* [Exercise prompt]: With the pictures left out, copy the records below exactly from the first line down to the line holding "中找出主元素,不妨设为主元素", and include that line.

* [Provided data]:
-*-*-

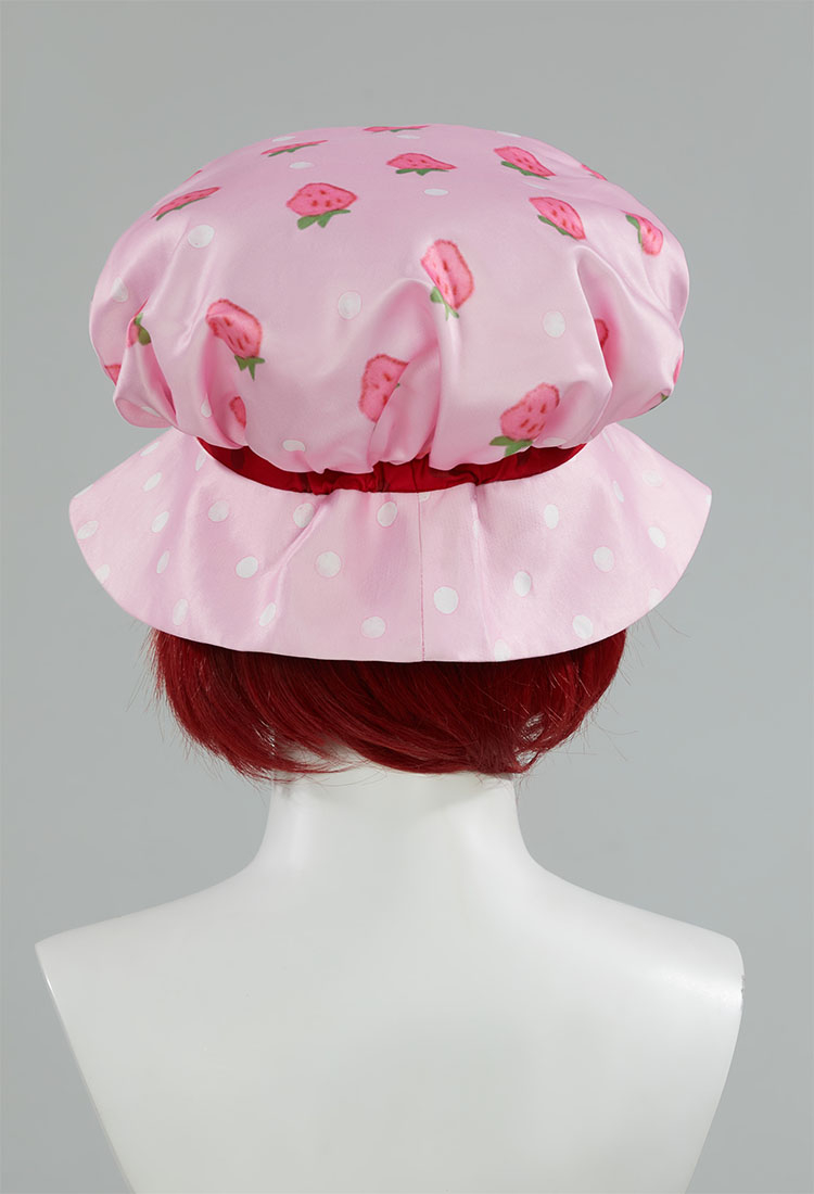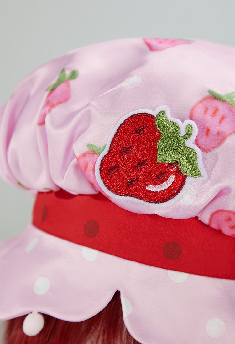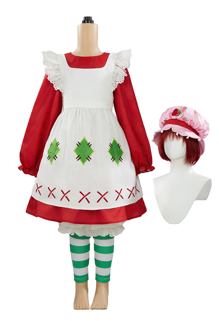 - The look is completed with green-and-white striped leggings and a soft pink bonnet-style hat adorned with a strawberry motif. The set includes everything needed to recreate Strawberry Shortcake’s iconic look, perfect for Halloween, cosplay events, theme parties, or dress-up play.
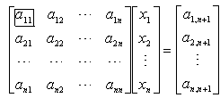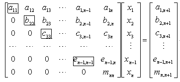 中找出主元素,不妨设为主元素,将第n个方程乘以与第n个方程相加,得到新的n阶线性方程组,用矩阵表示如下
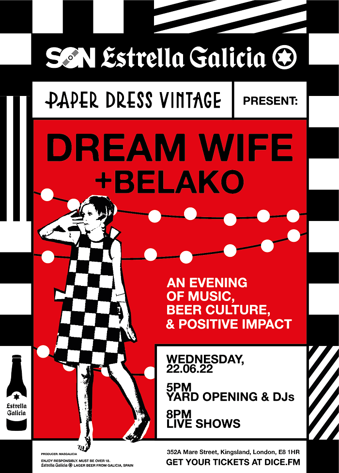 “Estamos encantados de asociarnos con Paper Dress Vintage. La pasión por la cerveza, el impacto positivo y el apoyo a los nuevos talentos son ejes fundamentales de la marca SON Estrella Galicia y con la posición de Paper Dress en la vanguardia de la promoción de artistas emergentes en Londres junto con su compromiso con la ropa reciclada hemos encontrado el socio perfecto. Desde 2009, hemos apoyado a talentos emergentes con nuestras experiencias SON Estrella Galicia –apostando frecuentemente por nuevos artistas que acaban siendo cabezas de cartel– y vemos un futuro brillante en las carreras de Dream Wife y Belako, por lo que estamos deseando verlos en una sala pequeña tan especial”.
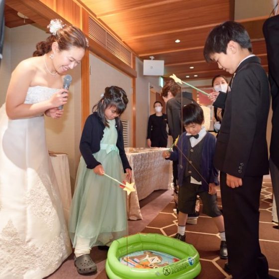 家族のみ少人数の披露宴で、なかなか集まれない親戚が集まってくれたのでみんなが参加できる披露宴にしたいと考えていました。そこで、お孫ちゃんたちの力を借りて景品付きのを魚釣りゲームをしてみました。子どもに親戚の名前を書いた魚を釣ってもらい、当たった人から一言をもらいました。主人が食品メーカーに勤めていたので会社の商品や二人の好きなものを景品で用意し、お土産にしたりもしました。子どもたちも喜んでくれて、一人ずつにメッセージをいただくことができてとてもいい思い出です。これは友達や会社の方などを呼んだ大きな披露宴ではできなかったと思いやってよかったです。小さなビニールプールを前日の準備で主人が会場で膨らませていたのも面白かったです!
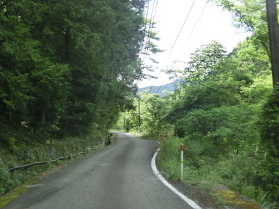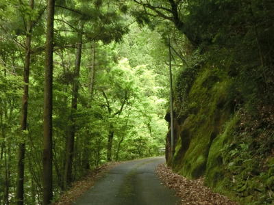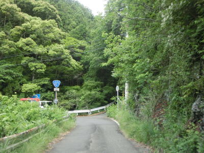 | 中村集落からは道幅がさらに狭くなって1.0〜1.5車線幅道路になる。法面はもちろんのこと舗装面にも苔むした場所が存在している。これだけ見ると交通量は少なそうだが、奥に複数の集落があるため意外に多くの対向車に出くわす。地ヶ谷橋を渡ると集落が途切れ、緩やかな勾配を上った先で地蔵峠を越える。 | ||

-*-*-

* [Answer box]:
 - The look is completed with green-and-white striped leggings and a soft pink bonnet-style hat adorned with a strawberry motif. The set includes everything needed to recreate Strawberry Shortcake’s iconic look, perfect for Halloween, cosplay events, theme parties, or dress-up play.
 中找出主元素,不妨设为主元素,将第n个方程乘以与第n个方程相加,得到新的n阶线性方程组,用矩阵表示如下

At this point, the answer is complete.